A medida foi vista como uma anistia oficial à guarda ilegal de animais silvestres, regulamentada desde 1998. A decisão da presidência do instituto  foi provocada por um processo movido pelo ministro em 2008 na Gerência Executiva do Ibama em Pernambuco, em 2008. Na ocasião, Og Fernandes ainda morava no Recife, onde era desembargador do Tribunal de Justiça de Pernambuco (TJPE), e requisitou judicialmente a legalização do papagaio-verdadeiro (nome popular da espécie Amazona aestiva).

A esposa do ministro alegou que a ave foi um presente de um amigo do seu pai. No processo, a família anexou documentos que comprovariam a “boa saúde” do animal, incluindo fotos e um laudo veterinário.
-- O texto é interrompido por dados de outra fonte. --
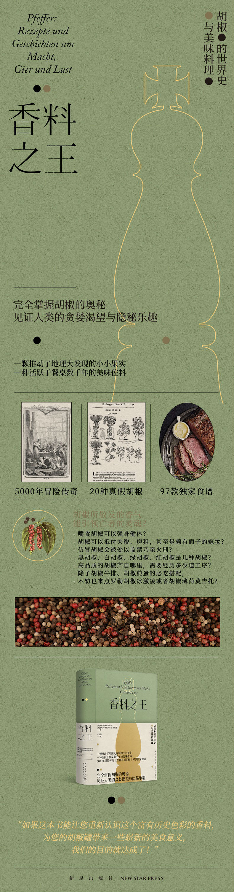 “如果这本书能让您重新认识这个富有历史色彩的香料,为您的胡椒罐带来一些崭新的美食意义,我们的目的就达成了!”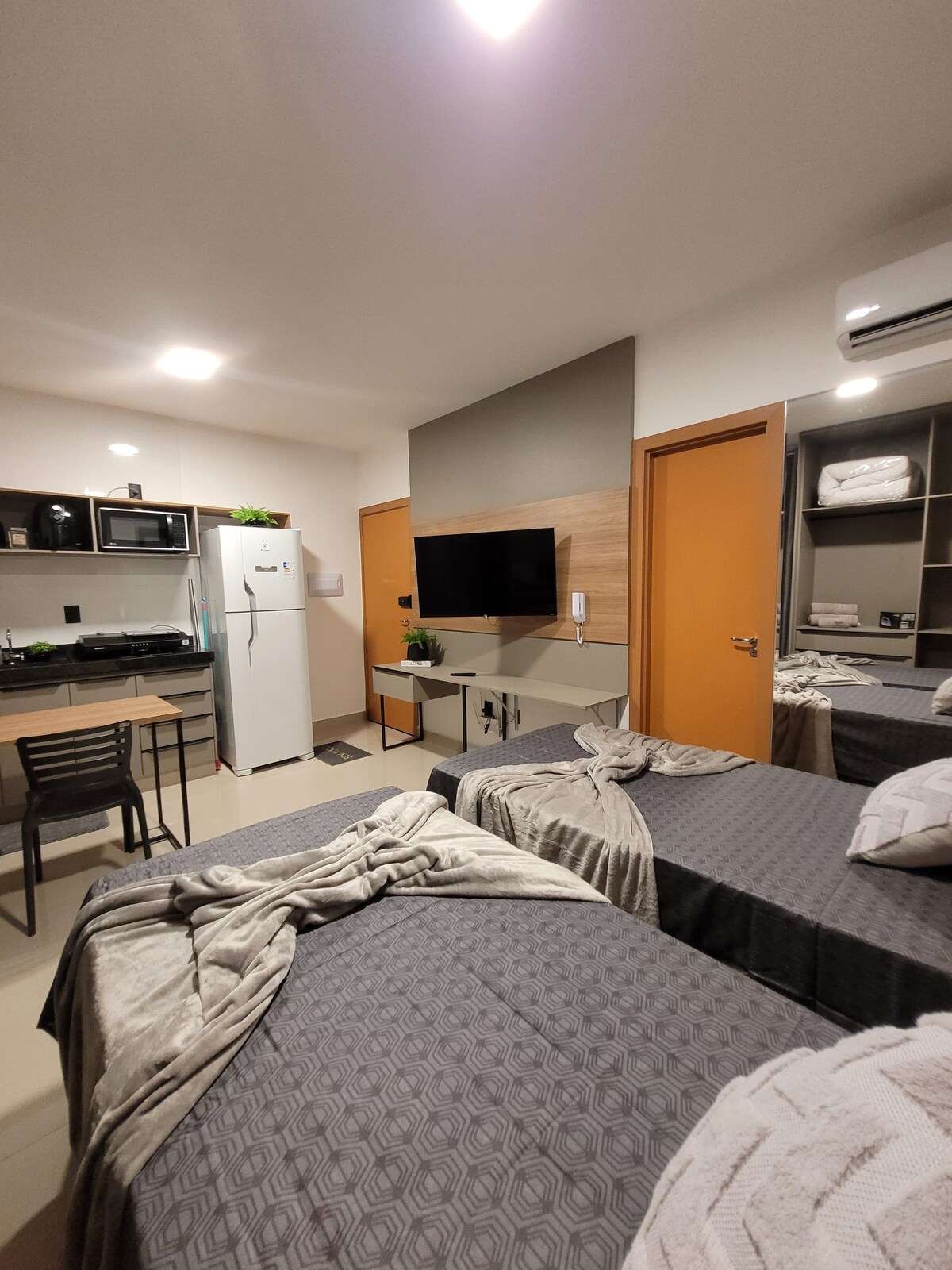 HIT SKY, Studio aconchegante, moderno e funcional, ao lado do Hospital Ânima e em frente a UniEvangelica, pensado para oferecer conforto e praticidade durante sua estadia. O espaço é bem iluminado, organizado e equipado para receber hóspedes que buscam descanso, trabalho ou lazer. Tudo preparado para que você se sinta em casa desde o primeiro momento. Aqui você encontra tranquilidade, conforto e praticidade em um só lugar.

Pouco antes de mudar-se para Brasília, em 2012, o ministro obteve um termo provisório de guarda doméstica, mas a autorização foi considerada irregular pela Diretoria de Proteção Ambiental do Ibama, que sugeriu a apreensão do animal e a comunicação do crime ao Ministério Público.

Em seu despacho, o presidente do Ibama citou uma decisão judicial do próprio ministro Og Fernandes, que é parte interessada no processo, para justificar a liberação da guarda do bichano. “O Superior Tribunal de Justiça (STJ) é unânime em reconhecer a guarda doméstica de papagaios quando adaptados ao convívio doméstico, o que pressupõe certo tempo longe da natureza, e inexistente maus-tratos”, apontou Eduardo Bim, citando uma decisão do próprio Fernandes.

Em sua conta no Twitter, Og Fernandes já fez várias várias referências à sua decisão de autorizar como magistrado a guarda de um papagaio a uma idosa que mora na Paraíba. “Não se trata de um papagaio. Trata-se da vida de uma idosa”, publicou. O ministro ainda não se manifestou sobre a autorização envolvendo o seu próprio animal.